Zaulkin wrote: ↑Thu Aug 18, 2022 7:35 pm
Been curious about what others use.
I'm wanting to set up everything so I can use it and record or rehearse whenever inspiration strikes with as few menus as possible. Keen to hear any suggestions people may have.
Menus?
Turn on laptop > double click audacity > press R
There's quite a lot of plugging in cables, but no real menus to start recording.
For quickly recording ideas at home... Digitech Trio+ = no menus but some footswitch combos to memorise
Yeah, I pretty much have a template in Reaper that has patches set up ready to go as well as EZdrummer etc. I probably just need to be less lazy.
I do find I practice a lot more with a physical amp that has knobs to turn. Seems to be much more immediate to my brain.
This is still a work in progress but the console is starting to get there. It has most functionality operational and I am pretty happy all things considered. There is quite a bit of fine tuning to do, for example, it is amazing how many of the pan pots I managed to wire up back to front.
The audio circuitry is all discrete (everything except for the meter buffers and power supply) and based on 70s technology using Helios-type amplifier circuits (2128 & 22113 circuits). It has 6 full mic pre-eqs (similar to Olympic Studios or Rolling Stones Mobile studio modules), there will be added 4 simplified mic pre-eqs (still need to make these you can see the blank panels) with no inductors just a bass roll-off and the classic Helios 10k boost-cut, there are two line level channels, and 2 x stereo returns (or line level channels) for 16 channels all told. Similar discrete Helios-type circuits were also used in the master section (which includes 4 x Aux output amps as well as the main output amps and monitor amps) and in the routers.
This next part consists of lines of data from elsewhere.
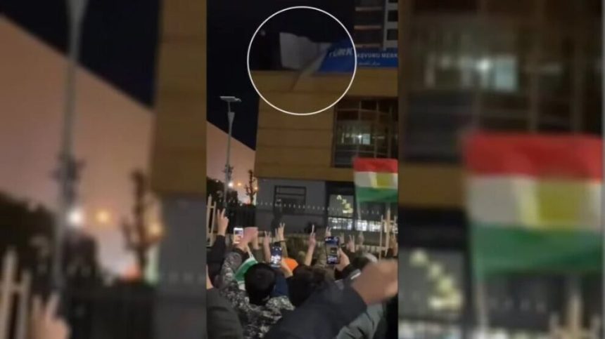 Çalakvanan hêrsa xwe li hember êrîşan nîşan da û tabeleya li ser avahiyê ya ku alaya Tirkiyê jî lê hebû, daxistin xwarê.
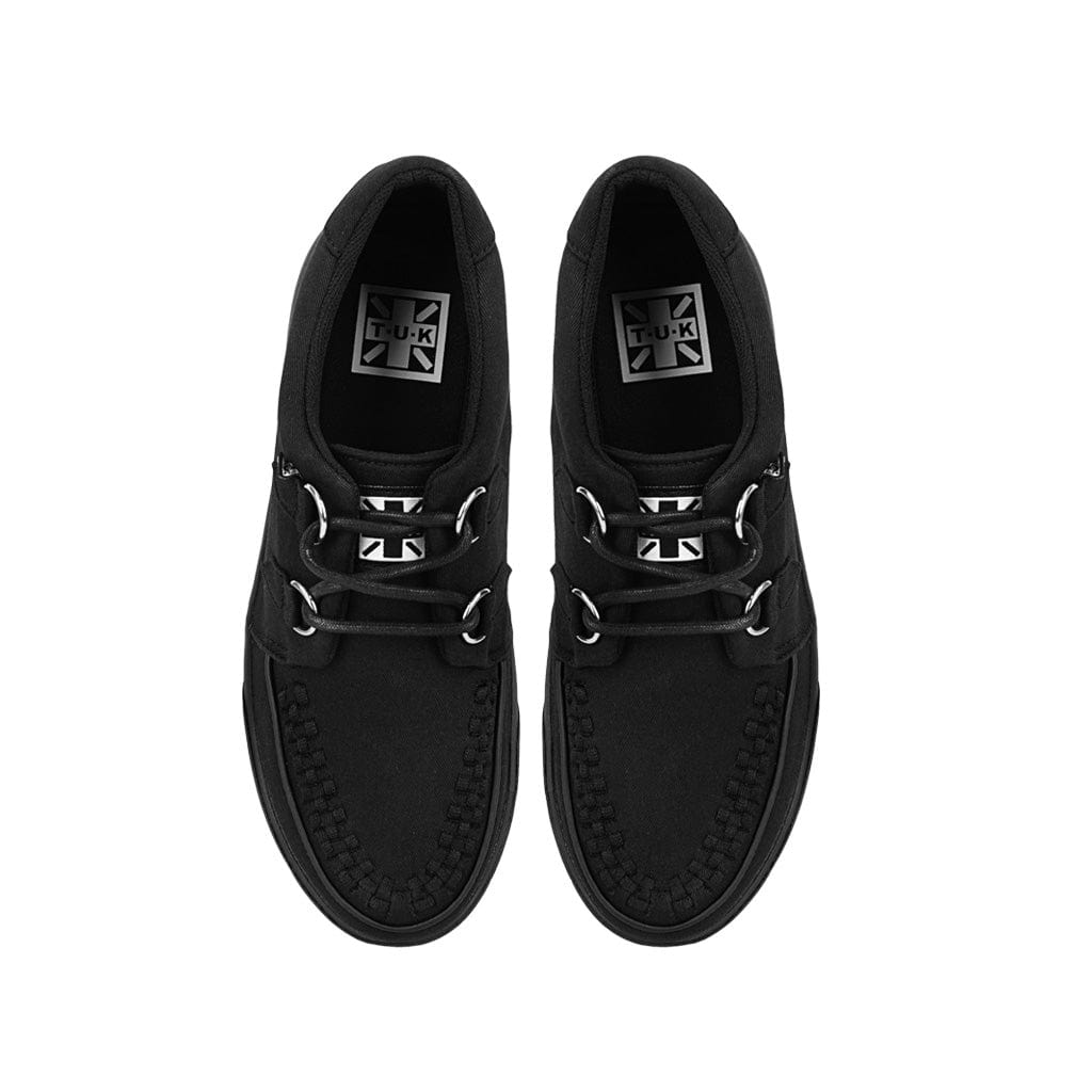 Black canvas creeper sneaker. With memory foam insole, skull & bones tread and steel D-ring laces.
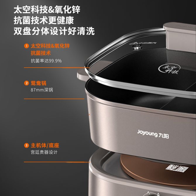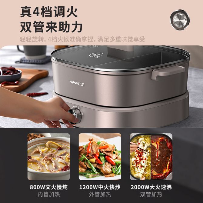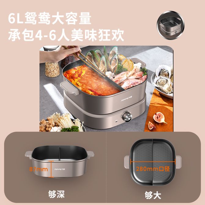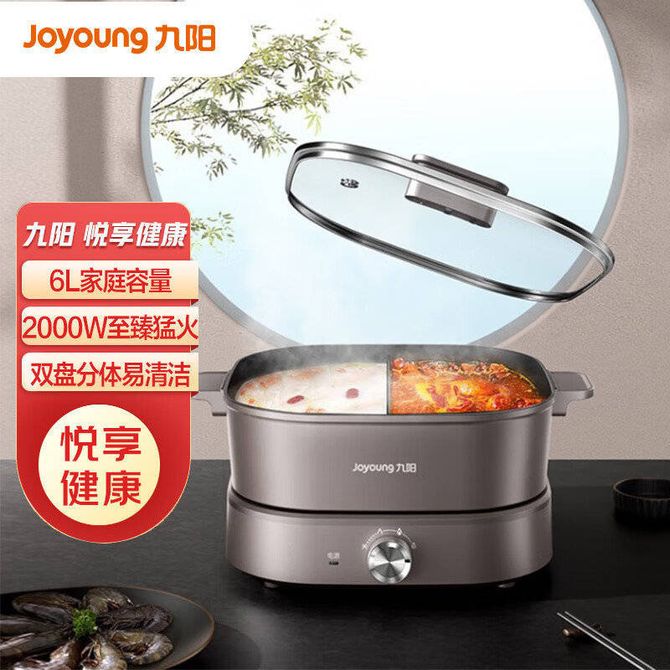九阳/Joyoung 电火锅 6L大容量家用多功能分体式烤肉锅电煮锅煎烤涮肉鸳鸯锅带烤盘
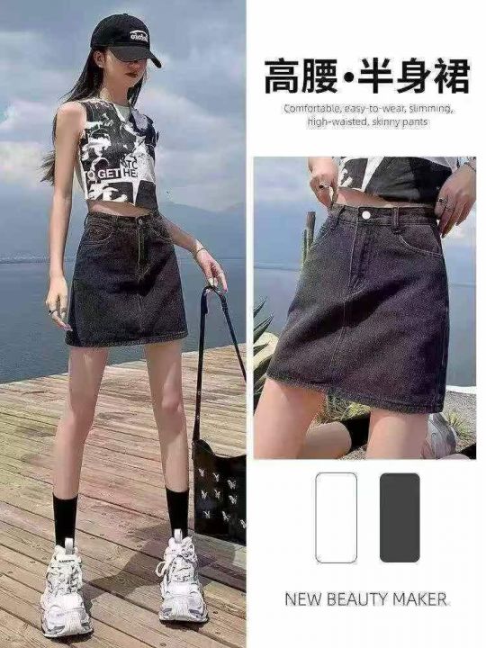 ☕️灰色牛仔短裙女半身裙夏季高腰显瘦a字包臀裤裙296...
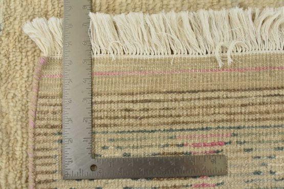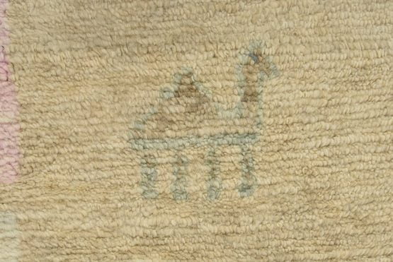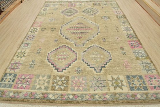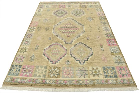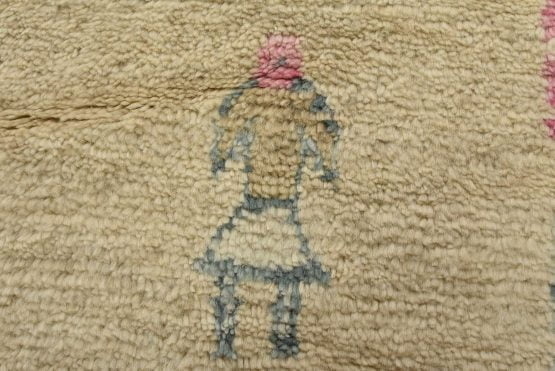 A contemporary Moroccan rug hand-knotted with an all-wool pile on a cotton foundation. This area rug features a central geometric medallion surrounded by geometric motifs with human and animal figures set againt a beige background. It is new and in excellent condition.
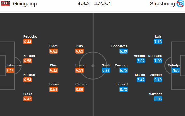Strasbourg: N’Dour (0/0 hậu vệ), Bahoken (1/0 tiền đạo)
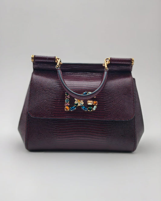 Dolce & Gabbana Lucia Lizard-Embossed Shoulder Bag in Burgundy

As a point of difference, I used a couple of transformers off the master bus (for about 10dB of gain) a method which Helios consoles did not use but which Neve consoles did. Some of the mic-pre outputs are also transformer balanced (unlike Helios consoles). There are 2 stereo auxiliary buses as well as the master bus. The frame is made out of Pterocarpus indicus.
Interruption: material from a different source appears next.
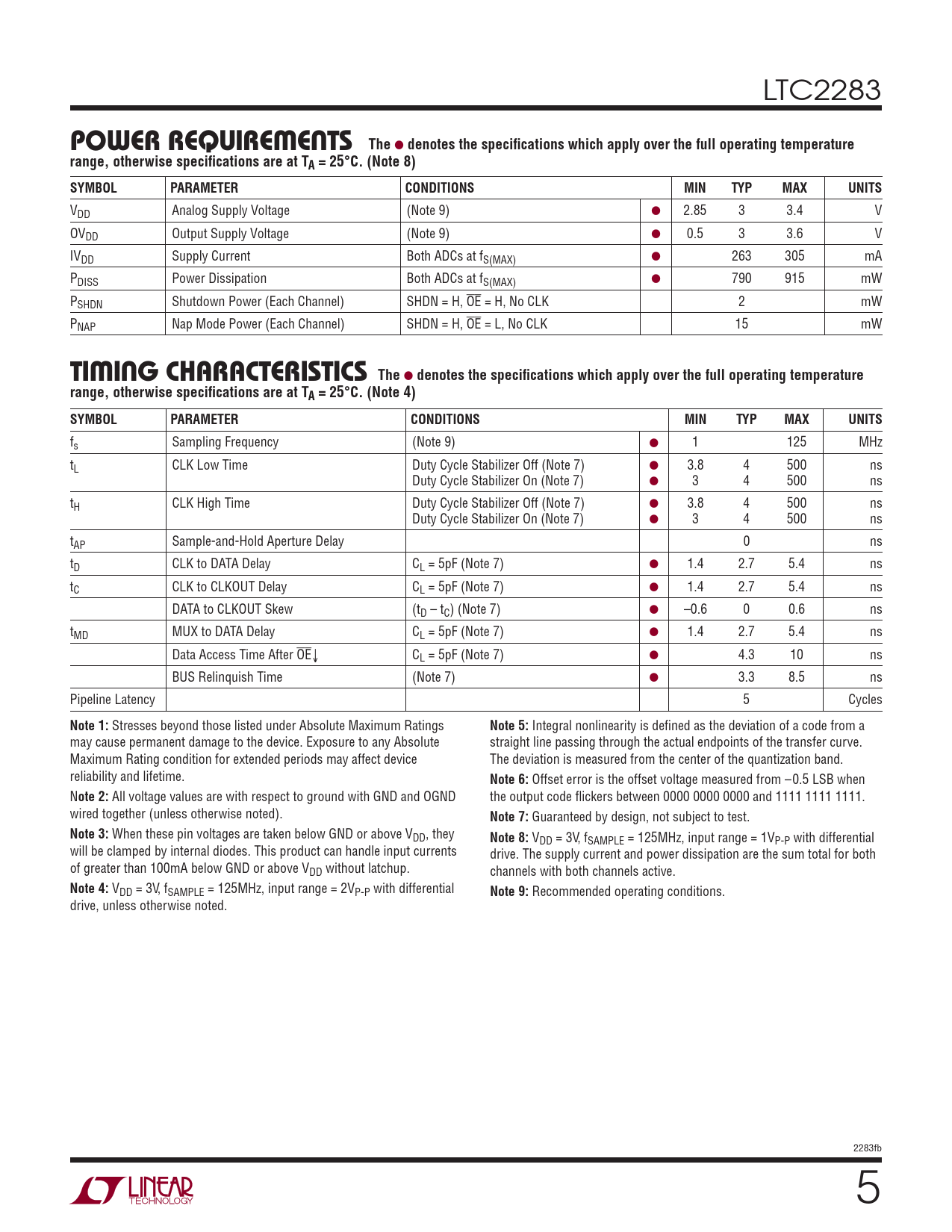 LTC2283 ThePOWER REQUIREMENTS l denotes the specifi cations which apply over the full operating temperaturerange, otherwise specifi cations are at TA = 25°C. (Note 8)SYMBOLPARAMETERCONDITIONSMINTYPMAXUNITS VDD Analog Supply Voltage (Note 9) ● 2.85 3 3.4 V OVDD Output Supply Voltage (Note 9) ● 0.5 3 3.6 V IVDD Supply Current Both ADCs at fS(MAX) ● 263 305 mA PDISS Power Dissipation Both ADCs at fS(MAX) ● 790 915 mW PSHDN Shutdown Power (Each Channel) SHDN = H, OE = H, No CLK 2 mW PNAP Nap Mode Power (Each Channel) SHDN = H, OE = L, No CLK 15 mW TheTIMING CHARACTERISTICS l denotes the specifi cations which apply over the full operating temperaturerange, otherwise specifi cations are at TA = 25°C. (Note 4)SYMBOLPARAMETERCONDITIONSMINTYPMAXUNITS fs Sampling Frequency (Note 9) ● 1 125 MHz tL CLK Low Time Duty Cycle Stabilizer Off (Note 7) ● 3.8 4 500 ns Duty Cycle Stabilizer On (Note 7) ● 3 4 500 ns tH CLK High Time Duty Cycle Stabilizer Off (Note 7) ● 3.8 4 500 ns Duty Cycle Stabilizer On (Note 7) ● 3 4 500 ns tAP Sample-and-Hold Aperture Delay 0 ns tD CLK to DATA Delay CL = 5pF (Note 7) ● 1.4 2.7 5.4 ns tC CLK to CLKOUT Delay CL = 5pF (Note 7) ● 1.4 2.7 5.4 ns DATA to CLKOUT Skew (tD – tC) (Note 7) ● –0.6 0 0.6 ns tMD MUX to DATA Delay CL = 5pF (Note 7) ● 1.4 2.7 5.4 ns Data Access Time After OE↓ CL = 5pF (Note 7) ● 4.3 10 ns BUS Relinquish Time (Note 7) ● 3.3 8.5 ns Pipeline Latency 5 Cycles Note 1: Stresses beyond those listed under Absolute Maximum Ratings Note 5: Integral nonlinearity is defi ned as the deviation of a code from a may cause permanent damage to the device. Exposure to any Absolute straight line passing through the actual endpoints of the transfer curve. Maximum Rating condition for extended periods may affect device The deviation is measured from the center of the quantization band. reliability and lifetime. Note 6: Offset error is the offset voltage measured from –0.5 LSB when N ote 2: All voltage values are with respect to ground with GND and OGND the output code fl ickers between 0000 0000 0000 and 1111 1111 1111. wired together (unless otherwise noted). Note 7: Guaranteed by design, not subject to test. Note 3: When these pin voltages are taken below GND or above VDD, they Note 8: VDD = 3V, fSAMPLE = 125MHz, input range = 1VP-P with differential will be clamped by internal diodes. This product can handle input currents drive. The supply current and power dissipation are the sum total for both of greater than 100mA below GND or above VDD without latchup. channels with both channels active. Note 4: VDD = 3V, fSAMPLE = 125MHz, input range = 2VP-P with differential Note 9: Recommended operating conditions. drive, unless otherwise noted. 2283fb 5

Definitely not as pretty as it could be (the front panels need lettering and numbering and some front panels display "prototype" scars) and the console is a bit big and cumbersome (it really is a glorified prototype). It was all hand drilled, punched, cut and soldered except for the meter panels and fader panel and obviously I didn't make the patchbays. The meters are buffered by JLM Audio buffer circuits and there are also some JLM circuits in the power supply (console uses: 12V, 24V, 36V and 48V). Some of the amp PCBs I had fabricated by a third party from gerber files I prepared, others circuit boards were just made by hand (not printed but a board drilled with components wired through hole more or less point to point).
There are plenty of things I would do differently, if I had my time again, but that is moot as I will never, ever, try and build another console.